If you are thinking of losing weight and looking slim and smart, then a few exercises recommended by experts for 2021 can achieve great results in a very short time.
Here is a list of 4 difficult but effective exercises by fitness experts.
The ‘High Intensity Interval Training’ exercises recommended by experts include ‘Burpees’, ‘Squats Jumps’, ‘Plank Jacques’, ‘Lungs with an Oblique Toast’.
Burping is an exercise during which the muscles of the chest, abdomen, legs and arms are activated simultaneously, which helps to burn more calories.
How to do burpis exercise?
To do this exercise, stand up straight and straighten your arms upwards.
Now come to the squatting position and then in the plank position place your body above the ground with your arms and legs and then bend your legs and stand up again while jumping.

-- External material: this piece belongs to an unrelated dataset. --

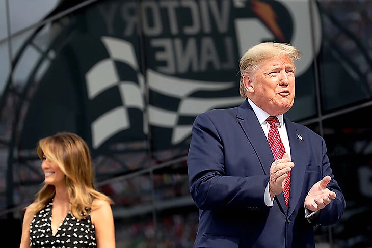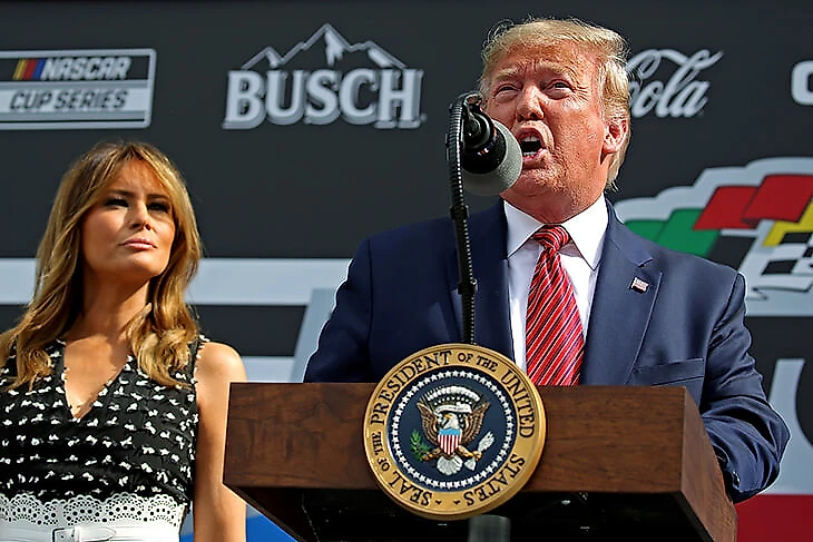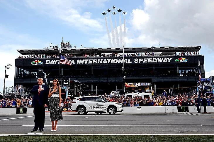 Трамп не просто приехал на гонку вместе с женой Меланией, а стал ее гранд-маршалом. Президент США выступил с небольшой речью, назвав всех присутствовавших патриотами и заявил: «Фанаты NASCAR всегда помнят: без разницы, кто победит в гонке. Самое важное – это Бог, семья и родина. Шины будут скрипеть, резина – плавиться, фанаты – ликовать, и великая американская гонка начнется».

Do this exercise for 10 minutes daily in two parts, repeat the same process 10 times in each part.
Remember to take a break for a maximum of 5 minutes after burping and then start doing squats jump.
For this exercise, stand up straight and straighten your arms upwards, keeping a distance of 1 to 1.5 feet between your feet. Now jump up and down as if you are sitting on a chair.

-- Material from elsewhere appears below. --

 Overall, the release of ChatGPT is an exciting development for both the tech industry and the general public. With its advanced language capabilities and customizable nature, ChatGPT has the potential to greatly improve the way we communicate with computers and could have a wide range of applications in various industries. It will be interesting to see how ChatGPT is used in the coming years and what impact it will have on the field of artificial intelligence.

Repeat this process twice in 10 minutes, doing 10 squats in each set.
This exercise strengthens the abdominal muscles, helps to melt fat.
Lie on your back on the ground like a normal plank exercise, now lift your whole body off the ground with the help of your hands and feet, keep the grip on your hands and now jump like ‘Jumping Jacks’ and bring the distance back to your legs. Mix together.
Do this exercise in 2 sets for 10 minutes, at least 20 plank jacks in each set.
Lingz with an oblique toast:
Lingerie with an Oblique Toast Exercise directly stimulates the muscles of your abdomen and legs, giving them a steady shape. This exercise builds endurance and also helps to keep yourself balanced.
How to make a toast with lentils and en oblique:
Before doing this exercise, stand up straight on your feet and take a long step forward, now help yourself to sit on the knee of the back leg, and bend the front leg, then extend your arms. Slightly turn right and left, straightening forward.
Now stand up straight, this time keep the front leg back and now put the front leg back.
If you are afraid of falling during this exercise, you can also lean on a chair, do this exercise continuously for 10 minutes.
Make sure you take at least 20 to 30 seconds between repetitions.
With the help of all these exercises, a lot of weight can be lost in a very short time.